Sponsored by: Assistance Publique - Hôpitaux de Paris
Information provided by: Assistance Publique - Hôpitaux de Paris
ClinicalTrials.gov Identifier: NCT00190398
  Purpose

The purpose of this study is to evaluate whether carotid angioplasty with stent (CAS) is as safe and effective as carotid surgery in regards to:

  1. the risk of stroke and death within 30 days of the procedure;
  2. the long-term risk of ipsilateral carotid territory stroke, in patients with recently symptomatic, severe carotid stenosis suitable for both CAS and carotid endarterectomy.

Condition Intervention Phase
Transient Ischemic Attack
Carotid Stenosis
Atherosclerosis
Device: Carotid angioplasty and stenting with cerebral protection
Phase III

MedlinePlus related topics: Angioplasty Transient Ischemic Attack
U.S. FDA Resources
Study Type: Interventional
Study Design: Prevention, Randomized, Open Label, Active Control, Parallel Assignment, Safety/Efficacy Study
Official Title: Endarterectomy Versus Angioplasty in Patients With Severe Symptomatic Carotid Stenosis

Further study details as provided by Assistance Publique - Hôpitaux de Paris:

Primary Outcome Measures:
  • Any stroke or death within 30 days of the procedure
  • Any stroke or death within 30 days of the procedure plus ipsilateral stroke during the follow-up period (2 to 4 years)

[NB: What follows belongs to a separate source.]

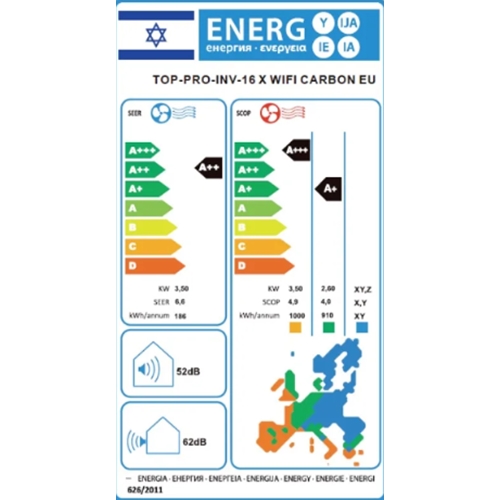 מזגן עילי TOP-PRO-INV-16 X WIFI CARBON EU טורנדו - מידע נוסף

Secondary Outcome Measures:
  • Clinical: Myocardial infarction within 30 days of the procedure
  • Other complications within 30 days of the procedure: cerebral (transient ischemic attack [TIA])
  • locoregional (e.g. cranial nerve palsy, complications at the site of puncture)
  • General: Any disabling stroke or death within 30 days of the procedure plus disabling or fatal ipsilateral stroke during the follow-up period
  • Any stroke or death within 30 days of the procedure plus any stroke (or any stroke or death) during the follow-up period
  • TIA during the follow-up period
  • Functional status at the end of the study
  • Anatomical: Carotid restenosis (> 70% on carotid ultrasound)
  • Integrity of the stent 2 years after the procedure (on cervical radiogram)

Estimated Enrollment: 900
Study Start Date: November 2000
Estimated Study Completion Date: December 2007
Detailed Description:

Findings from two large randomized clinical trials – NASCET and ECST - have established endarterectomy as the standard treatment for severe symptomatic carotid artery stenosis. Compared to endarterectomy, stenting with or without cerebral protection has the advantage of avoiding general anesthesia and incision in the neck that could lead to nerve injury and wound complications. The costs may be less than those of surgery, mainly because of a shorter hospital stay. However, stenting also carries a risk of stroke and local complications. Unlike endarterectomy, which has known long-term benefits, stenting does not remove the atheromatous plaque, and the long-term efficacy of this technique needs also to be assessed. Several trials are in progress in Europe and the United States.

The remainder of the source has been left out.